However, When I comment out the second for loop, it runs fine iterating over all the lines in the csvread.txt file. Here's is a sample output with just the first while loop and the second loop commented out:
before second loop:Record Category
before second loop:Type
before second loop:Name
before second loop:State
before second loop:Number
before second loop:ID (Self)
before second loop:Parent
before second loop:Title
This issue is occurring only when there is a nested loop. when there is a single loop, there is no problem at all. can somebody shed some light on this strange behavior? Also how do I overcome it?
EDIT:
I've added an if condition to check if the line contains the ¬ befor I split the line on that character:
if(listItem.contains("¬")){
System.out.println("list item: "+listItem.toLowerCase().split("¬")[1]);
System.out.println("csv Item: "+csvItem.toLowerCase());
if(listItem.toLowerCase().split("¬")[1].contains(csvItem.toLowerCase())){
count++;
}
}
No I don't get the exception anymore. However, The behavior is still strange. Here's the output after adding the if:
before second loop:Record Category
list item: provisions
csv Item: record category
list item: request category
csv Item: record category
list item: elevator
csv Item: record category
list item: assessment
csv Item: record category
list item: associates
csv Item: record category
list item: score
csv Item: record category
list item: attachments
csv Item: record category
before second loop:Type
before second loop:Name
before second loop:State
before second loop:Number
before second loop:ID (Self)
before second loop:Parent
before second loop:Title
The other elements are now being iterated over in the csvread.txt but the comparison with the lines in listread.txt is not hapeening except for the first element.
Any help would be appreciated. Thank you!
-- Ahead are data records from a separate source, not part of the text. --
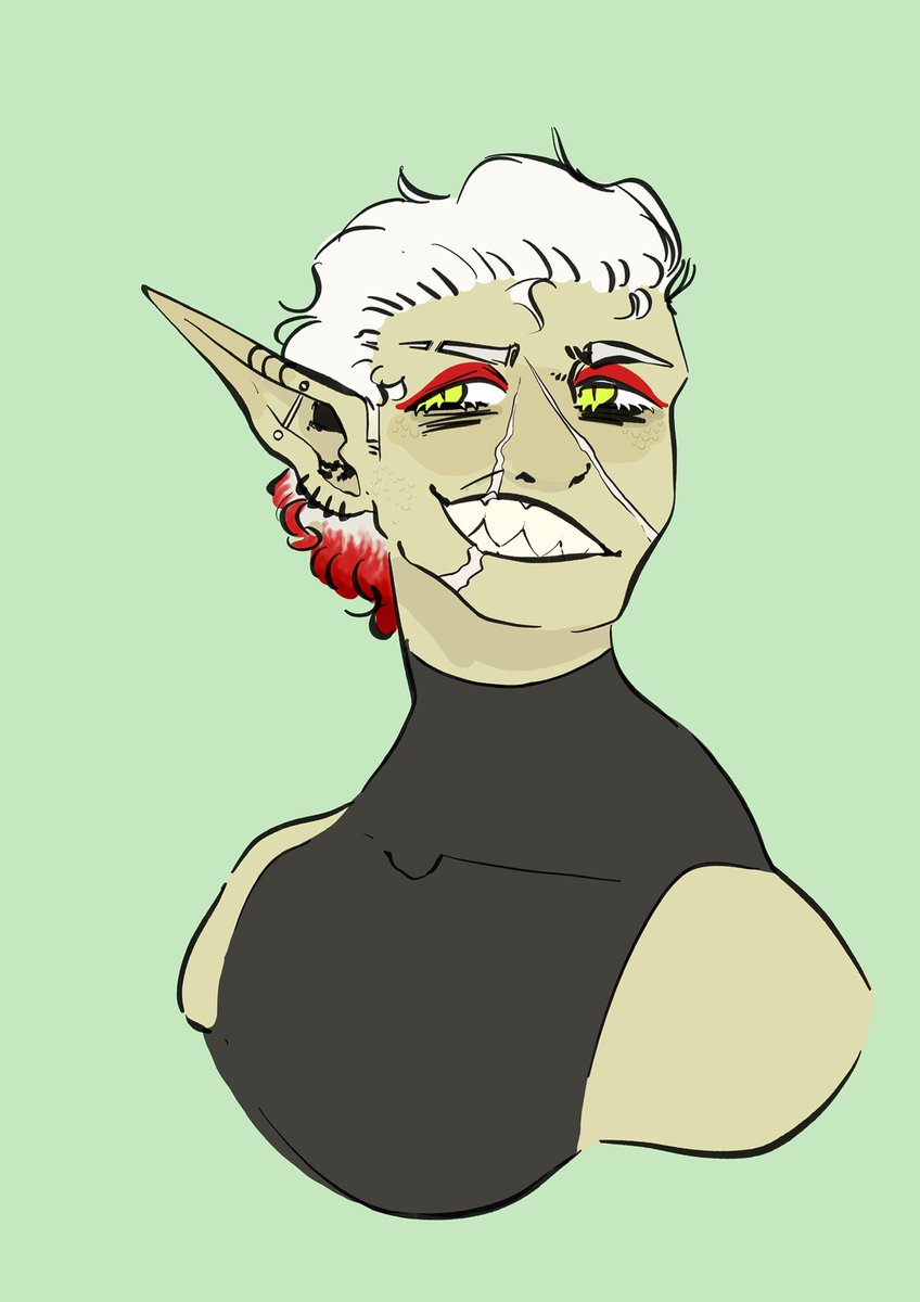 Ray, champion of the pit and professional himbo. He's a half-elf/half-lizardfolk and I think he's incredible #procreate #procreateart #dnd #dndart #dnd5e #DnDcharacter #digitalartwork #DigitalArtist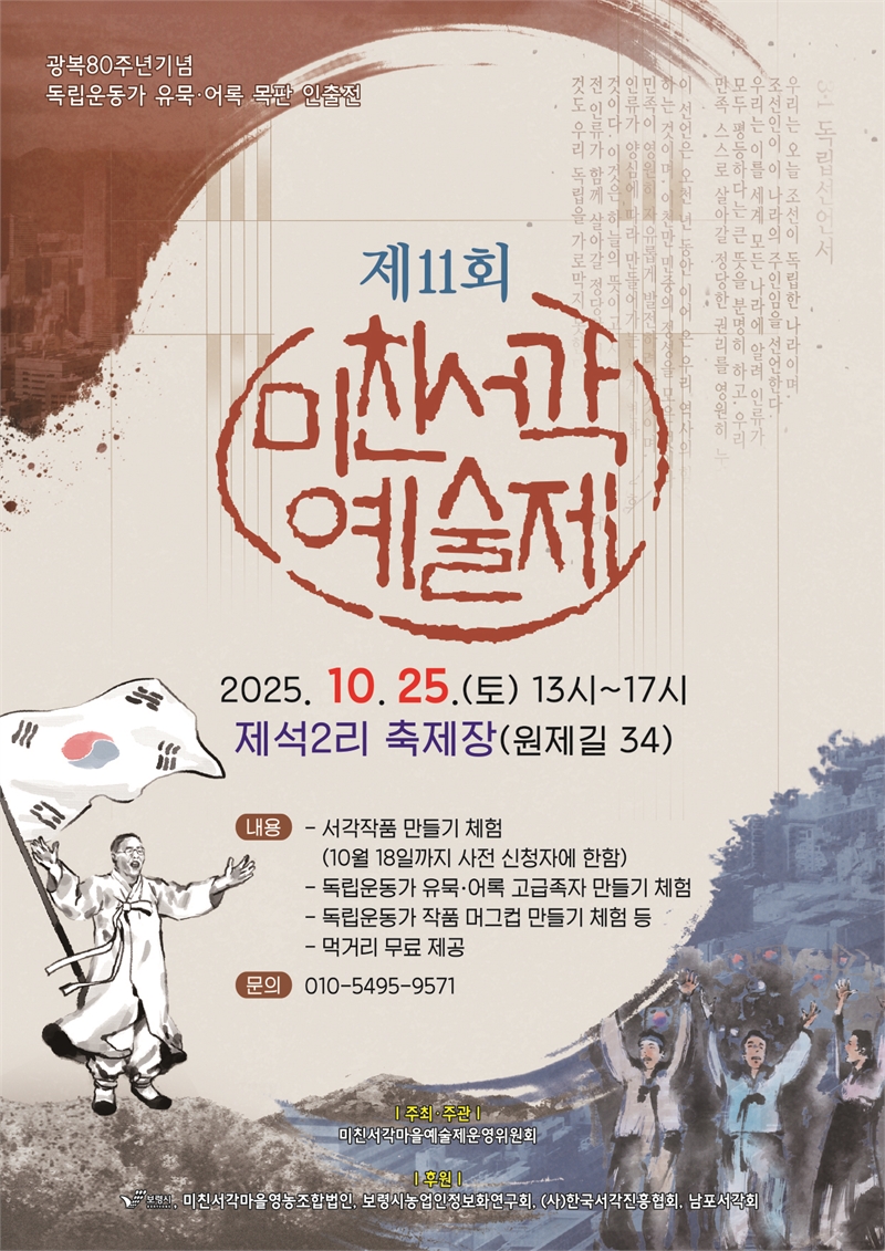 올해로 11회째를 맞는 이번 축제는 광복 80주년을 기념하여 독립운동가 유묵·어록 목판 인출전과 함께, 고급족자·머그컵 만들기 체험, 서각 예술 전시 및 주민 공연 등 시민이 함께 즐길 수 있는 프로그램으로 채워진다.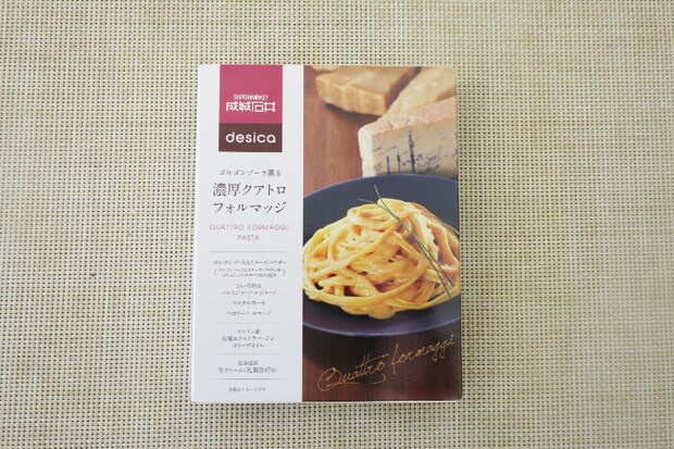 プロの味を手軽に本格的に食べられる、成城石井のレトルトシリーズ「desica」。 コスパも比較的いいので、筆者もカレーやスープはよく利用しています。 パスタソースで一番人気なのは、こちらの「濃厚クアトロフォルマッジ」。 テレビ番組のパスタソースランキングでも上位にランクインした商品です。 はたしてどんな味なのか…?実際に食べてみました!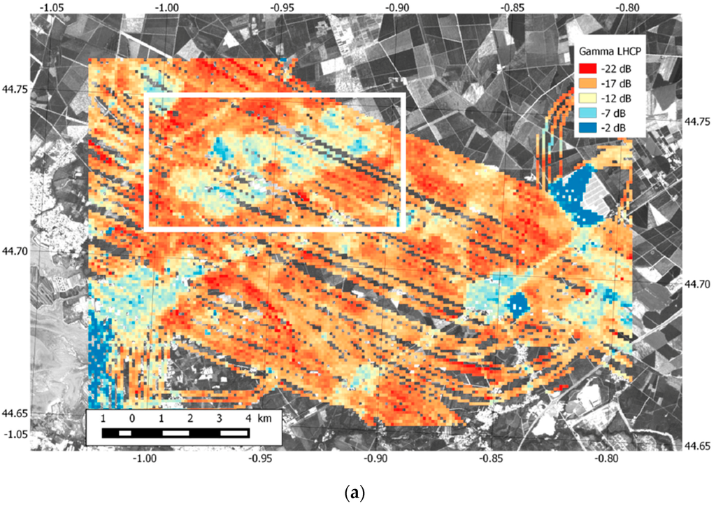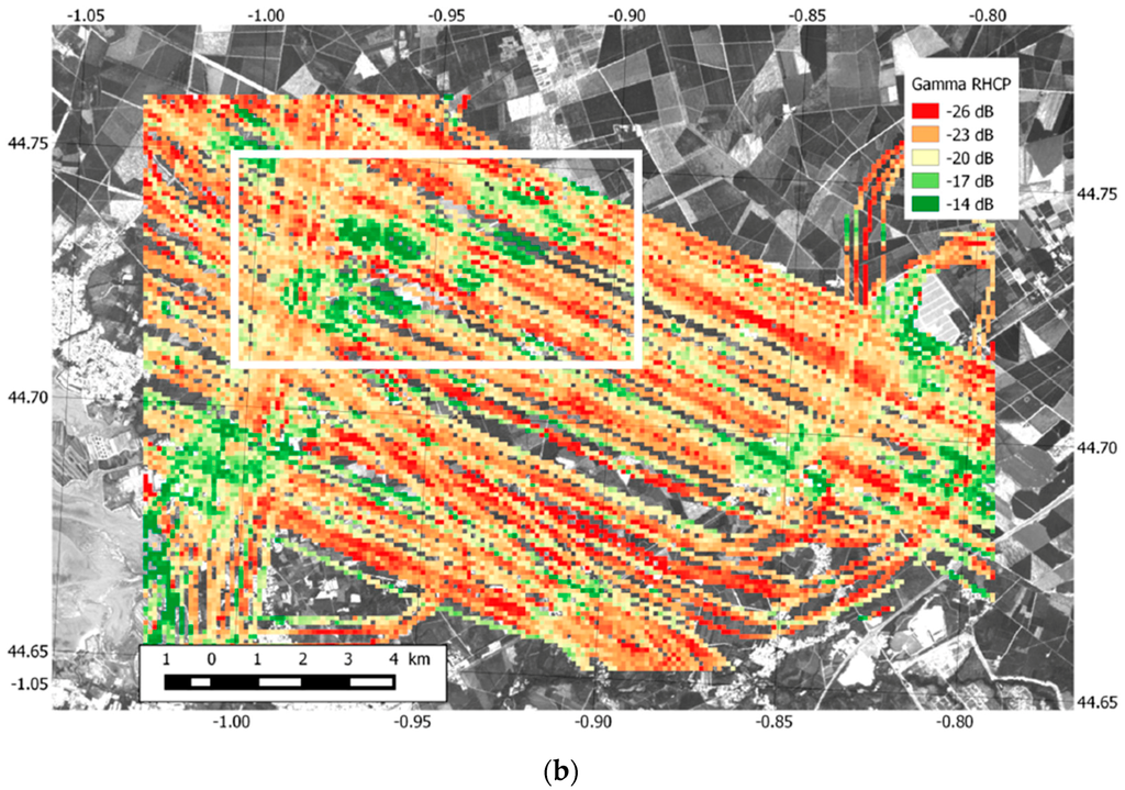 Figure 11a shows the reflectivities measured using LHCP polarization. The dynamic range (~20 DB) of the recorded signals (from −22 to −2 dB) is represented here by the coloured pixels. The main features of this area are clearly visible: roads, urban areas, water, a solar power plant, pine stands and an agricultural area. In the agricultural area (white rectangle), the bare soil fields have a stronger reflectivity signature than the zones covered by vegetation. The weakest reflectivity signatures can be observed for the closed-canopy forest. One remarkable feature of the LHCP measurements is the homogeneity of the recorded signals, despite the use of measurements taken from a wide range of elevation angles: as predicted by the models, the LHCP signal is only weakly dependent on elevation angle, when this latter is greater than 45° [30].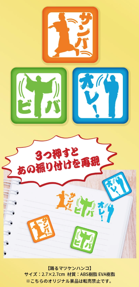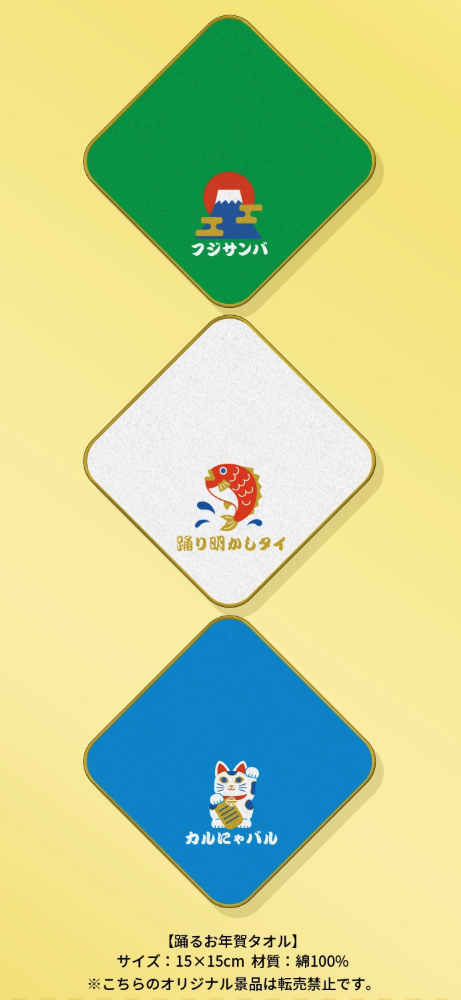 もらえるグッズは「踊るお年賀タオル」と「踊るマツケンハンコ」で、それぞれ全3種です。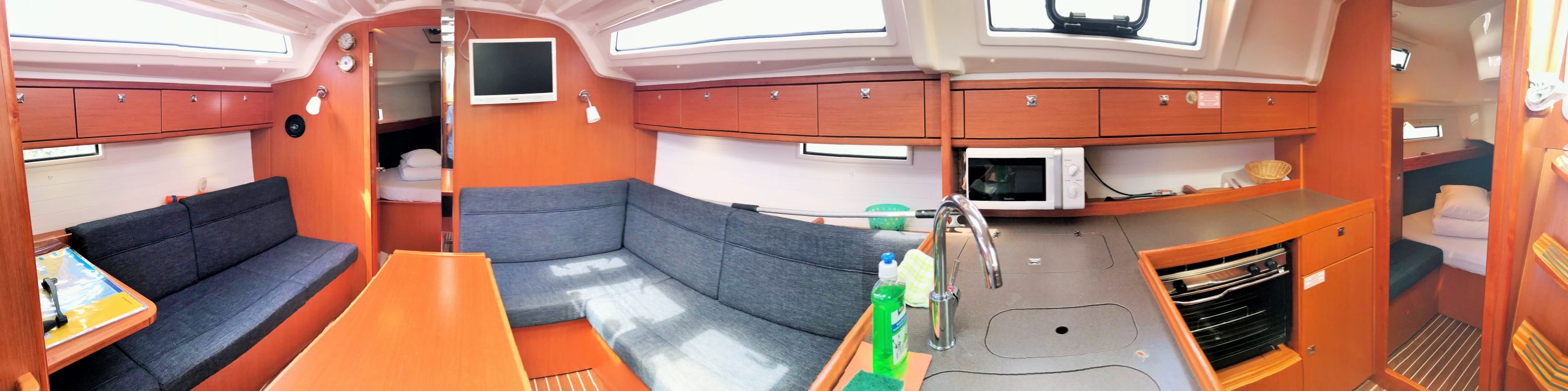| Inside | 12V Steckdose, 220V Steckdosen, Backofen, Borduhr, Dusche, Fäkalientank, Gasherd, Gefrierschrank, Kleiderbügel, Klobürste, Kühlschrank, Ladegerät, Luftpumpe für Beiboot, Mikrowelle, Pantryausstattung, Radio mit CD, Salontisch absenkbar, Spülbecken, Trichter, TV, Ventilator, Warmwasser, WC-Pumpe |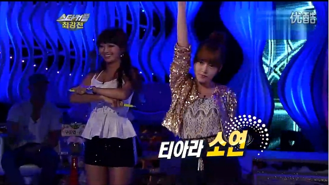 ソヨン、ヒョミンはその通りです。 キャップ被ってるのが4minuteのヒョナ、赤パンツがKARAのスンヨン、 フードTは4minuteのだれか(^^;)です。 この本番映像のリンクはこちらですが、私はリハーサルの方が格段に好きです。 http://youtu.be/fKg5LqNGd_4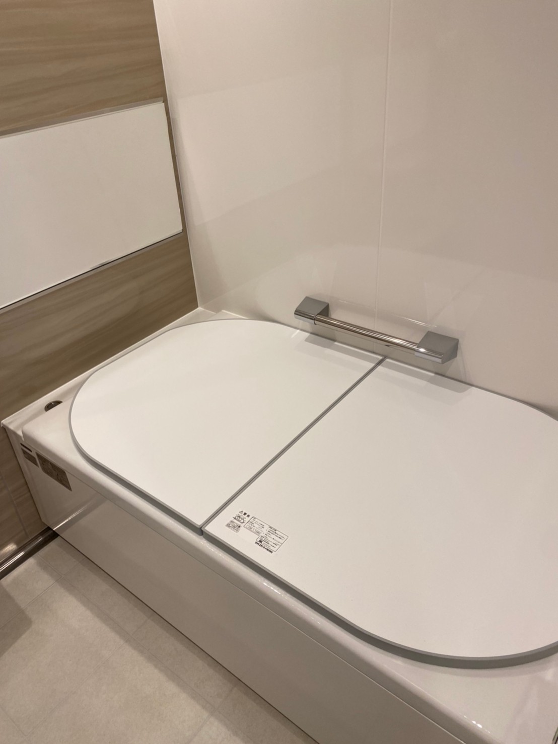 従来のユニットバスではデッドスペースになりがちだった梁や柱の凹凸に合わせて、ミリ単位でサイズオーダーが可能な『伸びの美浴室』。これにより、マンションの限られた浴室空間を最大限に有効活用し、広々とした洗い場と浴槽を実現しました。写真からも、以前よりゆったりとした洗い場が確保されているのが分かります。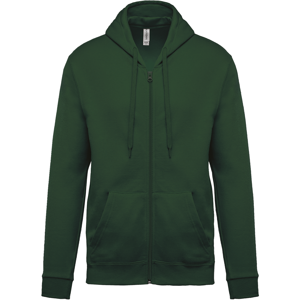 80% katoen / 20% polyester. Gekamd katoen. Geborsteld fleece aan de binnenkant. Ingezette mouwen. Nylon ritssluiting. Gevoerde capuchon met toon op toon aanrijgkoordjes. Kangoeroezakken. Ribboord aan mouwuiteinden en aan de onderkant.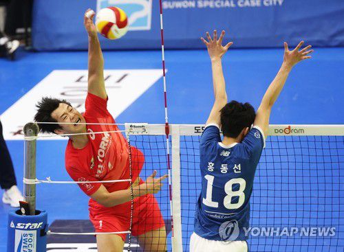 (수원=연합뉴스) 홍기원 기자 = 26일 경기도 수원실내체육관에서 열린 프로배구 V리그 남자부 플레이오프 2차전 한국전력 빅스톰과 현대캐피탈 스카이워커스의 경기. 한국전력 서재덕이 공격하고 있다. 2023.3.26 xanadu@yna.co.kr ▶제보는 카카오톡 okjebo▶연합뉴스 앱 지금 바로 다운받기~▶네이버 연합뉴스 채널 구독하기 <저작권자(c)연합뉴스. 무단전재-재배포금지.>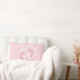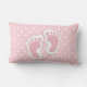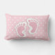 A lumbar pillow with an adorable image of pink baby girl footprints with a heavy white outline.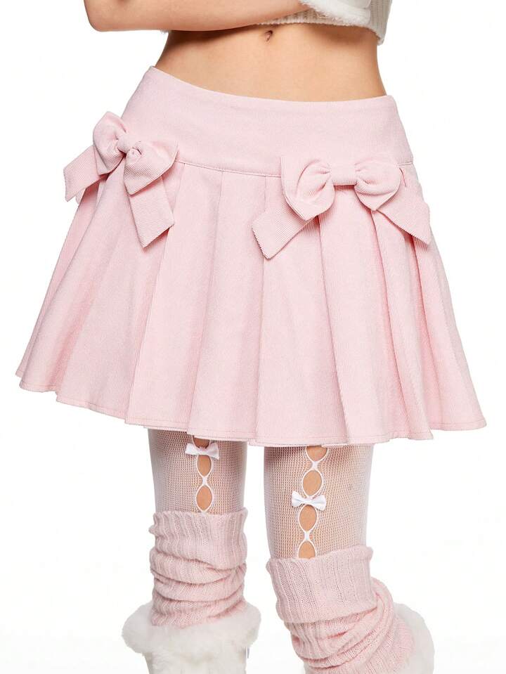 Women Kawaii Style Pleated Bow Accent Mini Skirt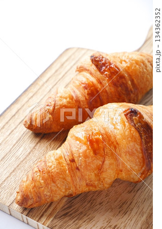 クロワッサン - 焼き立てのクロワッサンがサービングボードにのせられた朝の風景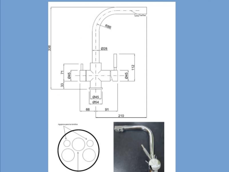 - Incluye los 3 latigullos, la conexión al tubo de osmosis y todo lo necesario para fijar el grifo, tal como se ve en las fotos.Etiquetas: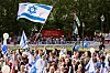 Propalestinske demonstrantar heldt motdemonstrasjon då organisasjonen Med Israel For Fred (MIFF) arrangerte ei markering av sjølvstendedagen til Israel utenfor Stortinget i mai 2025.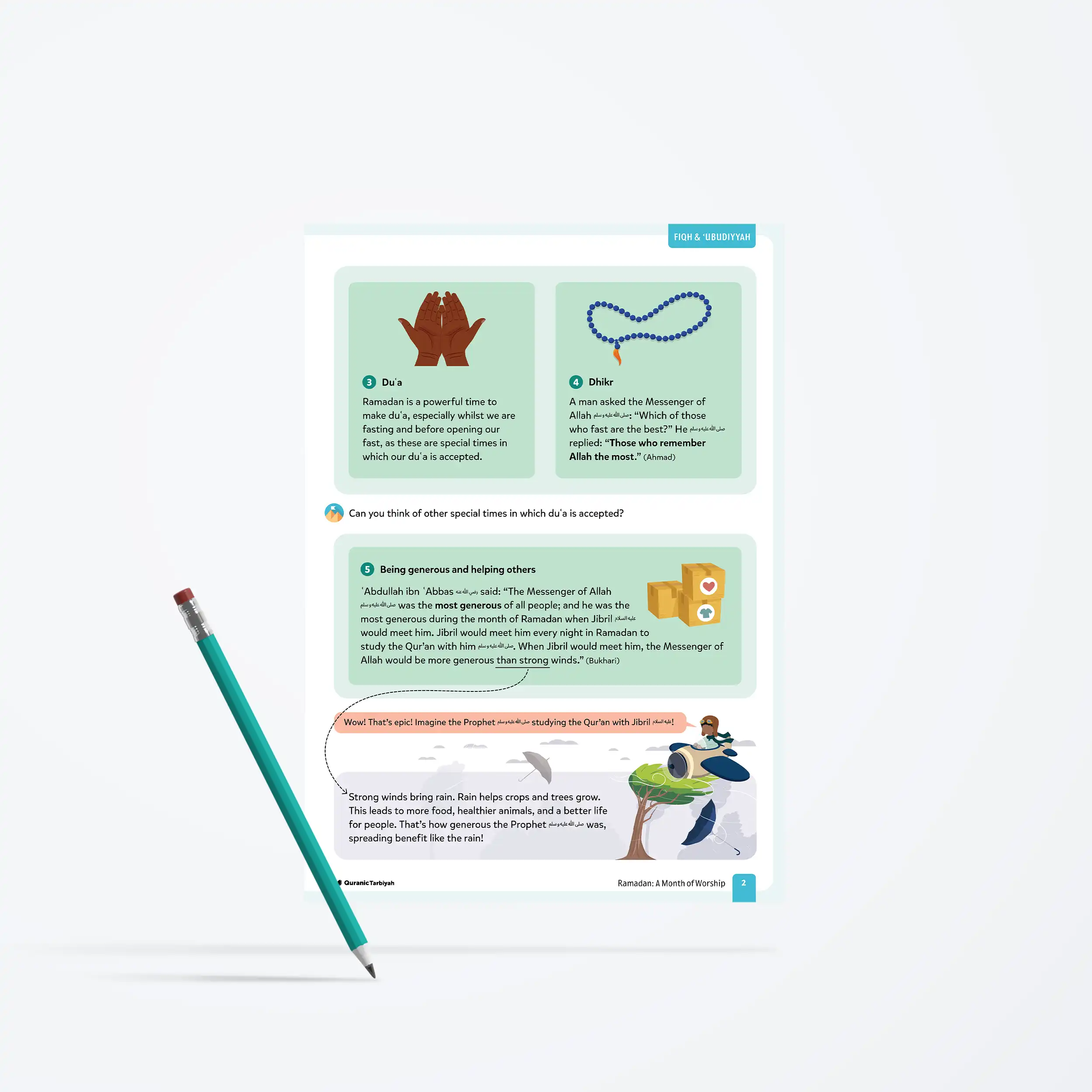 Through beautiful Hadith, learners discover how our beloved Prophet ﷺ was the most generous of all people, especially during Ramadan when Angel Jibril would meet him every night to study the Qur’an together. Young learners learn that the Prophet’s ﷺ generosity was like strong winds bringing rain, spreading benefit and goodness to everyone.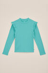 Schimmere und glänze durch den Tag. Dieses schmal geschnittene T-Shirt hat silbernes Glitzergarn und Rüschen an den Schultern. Mit langen Ärmeln für Wärme und einen stylischen Look, ideal für die Schule oder eine Party.

Expanded from my comment about listReader pointing to the end of the file after the first iteration. BufferedReader doesn't provide a mechanism to move the file pointer so a simple approach would be to move the creation of listReader to inside the outer loop:
try {
BufferedReader csvReader = new BufferedReader(new FileReader("/data/csvread.txt"));
// BufferedReader listReader = new BufferedReader(new FileReader("/data/list.txt"));
String csvItem, listItem;
int count =0;
while((csvItem = csvReader.readLine()) != null){
System.out.println("before second loop:"+csvItem);
BufferedReader listReader = new BufferedReader(new FileReader("/data/list.txt"));
while ((listItem = listReader.readLine())!= null) {
System.out.println("list Item: "+listItem.toLowerCase().split("¬")[1]);
System.out.println("csv Item: "+csvItem.toLowerCase());
if(listItem.toLowerCase().split("¬")[1].contains(csvItem.toLowerCase())){
count++;
}
}
}
}catch(Exception e){
e.printStackTrace();
}
so each iteration will have a new listReader which starts at the top of the file.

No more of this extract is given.